▶ **EXERCISE DATA**:
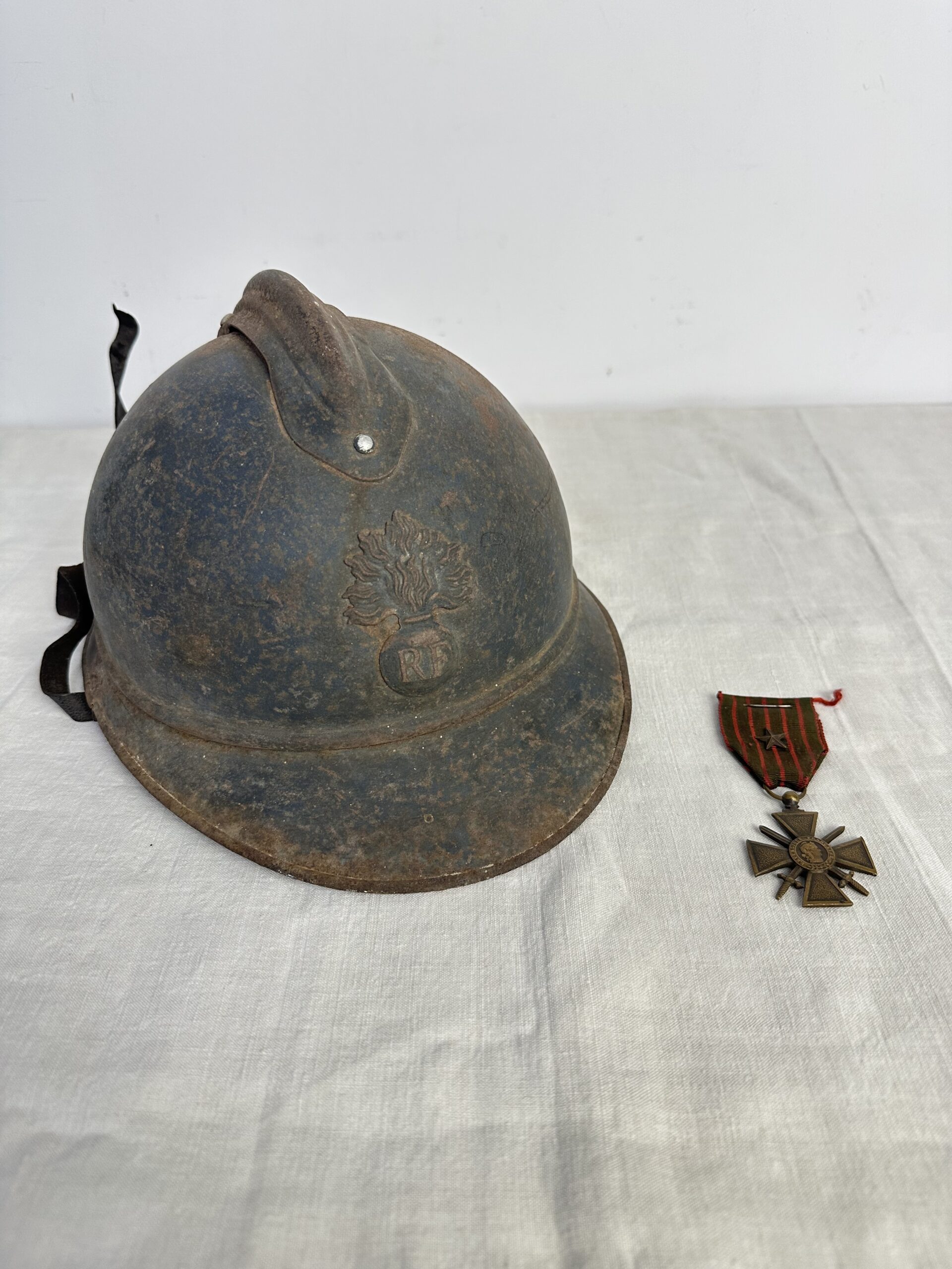 Vous êtes passionnés par l’histoire de France et par la Première Guerre Mondiale ? Voici donc le casque Adrian infanterie Première Guerre Mondiale France ainsi qu’une médaille militaire française Croix de Guerre 1914 1918.
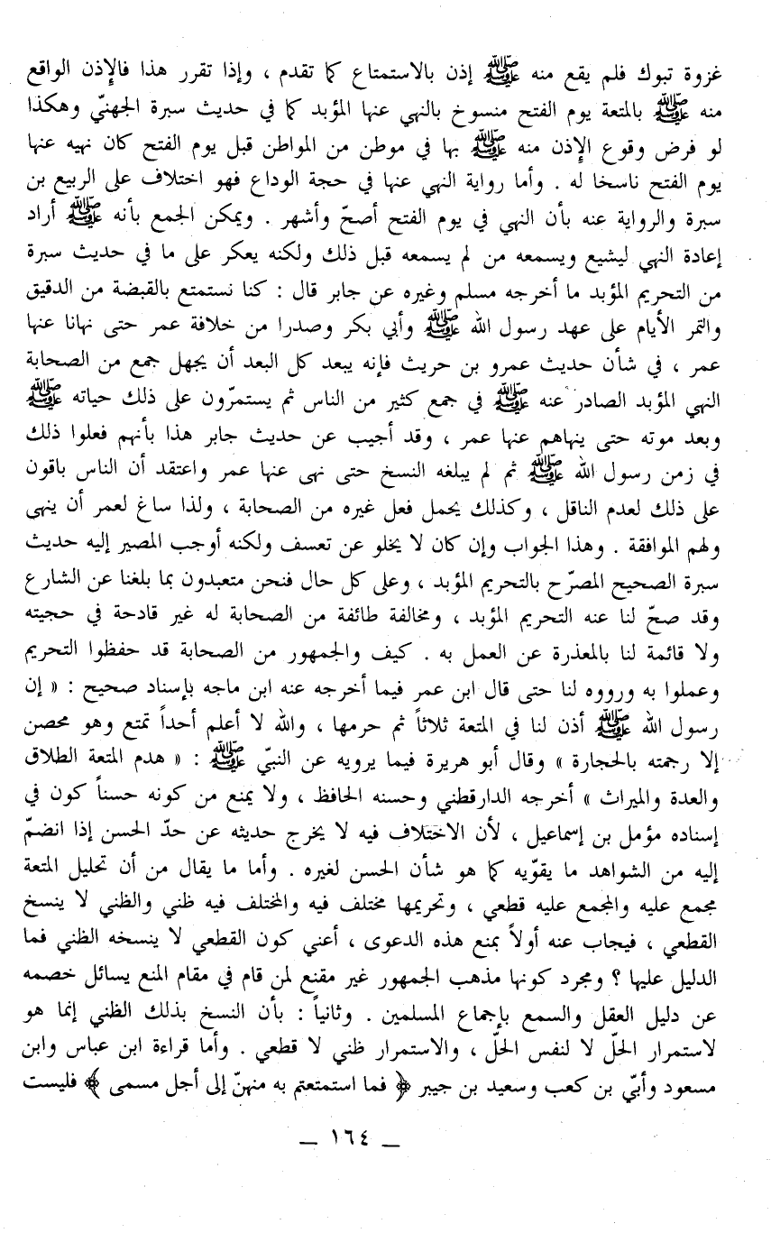وَهَذَا الْجَوَابُ وَإِنْ كَانَ لَا يَخْلُو عَنْ تَعَسُّفٍ وَلَكِنَّهُ أَوْجَبَ الْمَصِيرَ إلَيْهِ حَدِيثُ سَبْرَةَ الصَّحِيحُ الْمُصَرِّحُ بِالتَّحْرِيمِ الْمُؤَبَّدِ، وَعَلَى كُلِّ حَالٍ فَنَحْنُ مُتَعَبِّدُونَ بِمَا بَلَغَنَا عَنْ الشَّارِعِ وَقَدْ صَحَّ لَنَا عَنْهُ التَّحْرِيمُ الْمُؤَبَّدُ، وَمُخَالَفَةُ طَائِفَةٍ مِنْ الصَّحَابَةِ لَهُ غَيْرُ قَادِحَةٍ فِي حُجِّيَّتِهِ وَلَا قَائِمَةٍ لَنَا بِالْمَعْذِرَةِ عَنْ الْعَمَلِ بِهِ كَيْفَ وَالْجُمْهُورُ مِنْ الصَّحَابَةِ قَدْ حَفِظُوا التَّحْرِيمَ وَعَمِلُوا بِهِ وَرَوَوْهُ لَنَا حَتَّى قَالَ ابْنُ عُمَرَ فِيمَا أَخْرَجَهُ عَنْهُ ابْنُ مَاجَهْ بِإِسْنَادٍ صَحِيحٍ: «إنَّ رَسُولَ اللَّهِ - صَلَّى اللَّهُ عَلَيْهِ وَسَلَّمَ - أَذِنَ لَنَا فِي الْمُتْعَةِ ثَلَاثًا ثُمَّ حَرَّمَهَا، وَاَللَّهِ لَا أَعْلَمُ أَحَدًا تَمَتَّعَ وَهُوَ مُحْصَنٌ إلَّا رَجَمْتُهُ بِالْحِجَارَةِ» .
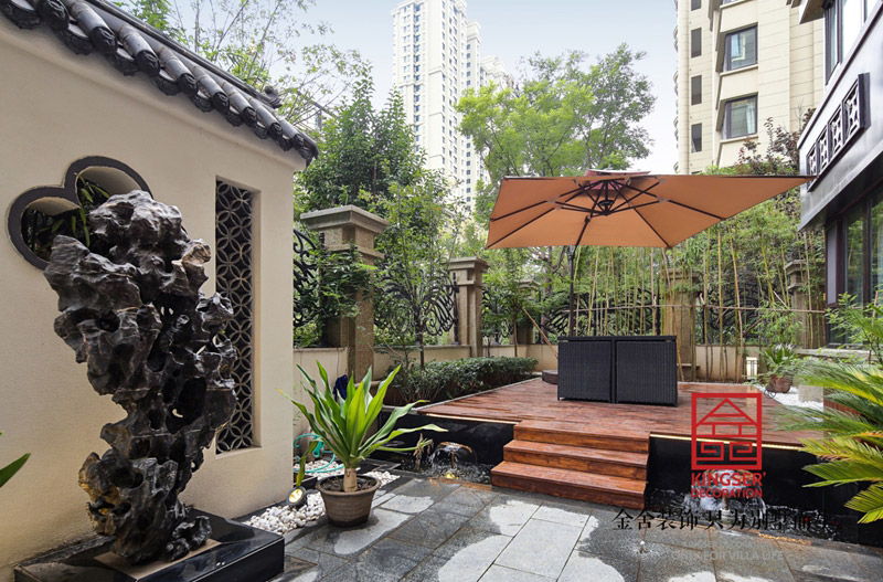 檐廊石景,一步一韻,舊式園林的味道被濃縮小小的方寸之間,美輪美奐,獨具時韻。
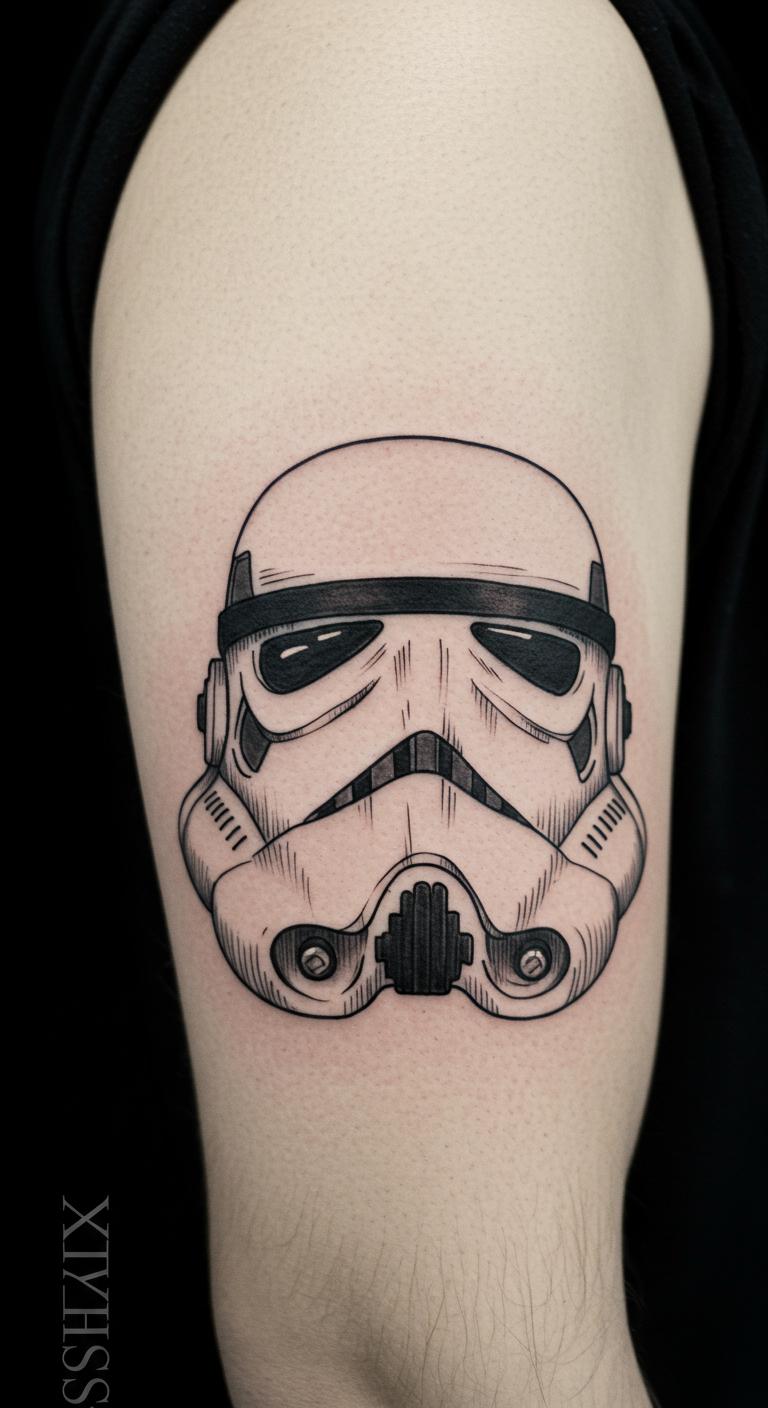 Opt for a Stormtrooper helmet on your bicep. It adds fun with just outlines. Sessions stay short and affordable. Practice drawing it with a basic pen. Use at-home tattoo pens for safe tests. Search local shops for deal days. Keep designs small for less pain. Snap photos to check visibility. This idea pops at events without much fuss.

▶ **EXERCISE INSTRUCTIONS**:
Transcribe the data word for word, with no images.

▶ **EXPECTED OUTPUT**:
 Vous êtes passionnés par l’histoire de France et par la Première Guerre Mondiale ? Voici donc le casque Adrian infanterie Première Guerre Mondiale France ainsi qu’une médaille militaire française Croix de Guerre 1914 1918.
وَهَذَا الْجَوَابُ وَإِنْ كَانَ لَا يَخْلُو عَنْ تَعَسُّفٍ وَلَكِنَّهُ أَوْجَبَ الْمَصِيرَ إلَيْهِ حَدِيثُ سَبْرَةَ الصَّحِيحُ الْمُصَرِّحُ بِالتَّحْرِيمِ الْمُؤَبَّدِ، وَعَلَى كُلِّ حَالٍ فَنَحْنُ مُتَعَبِّدُونَ بِمَا بَلَغَنَا عَنْ الشَّارِعِ وَقَدْ صَحَّ لَنَا عَنْهُ التَّحْرِيمُ الْمُؤَبَّدُ، وَمُخَالَفَةُ طَائِفَةٍ مِنْ الصَّحَابَةِ لَهُ غَيْرُ قَادِحَةٍ فِي حُجِّيَّتِهِ وَلَا قَائِمَةٍ لَنَا بِالْمَعْذِرَةِ عَنْ الْعَمَلِ بِهِ كَيْفَ وَالْجُمْهُورُ مِنْ الصَّحَابَةِ قَدْ حَفِظُوا التَّحْرِيمَ وَعَمِلُوا بِهِ وَرَوَوْهُ لَنَا حَتَّى قَالَ ابْنُ عُمَرَ فِيمَا أَخْرَجَهُ عَنْهُ ابْنُ مَاجَهْ بِإِسْنَادٍ صَحِيحٍ: «إنَّ رَسُولَ اللَّهِ - صَلَّى اللَّهُ عَلَيْهِ وَسَلَّمَ - أَذِنَ لَنَا فِي الْمُتْعَةِ ثَلَاثًا ثُمَّ حَرَّمَهَا، وَاَللَّهِ لَا أَعْلَمُ أَحَدًا تَمَتَّعَ وَهُوَ مُحْصَنٌ إلَّا رَجَمْتُهُ بِالْحِجَارَةِ» .
 檐廊石景,一步一韻,舊式園林的味道被濃縮小小的方寸之間,美輪美奐,獨具時韻。
 Opt for a Stormtrooper helmet on your bicep. It adds fun with just outlines. Sessions stay short and affordable. Practice drawing it with a basic pen. Use at-home tattoo pens for safe tests. Search local shops for deal days. Keep designs small for less pain. Snap photos to check visibility. This idea pops at events without much fuss.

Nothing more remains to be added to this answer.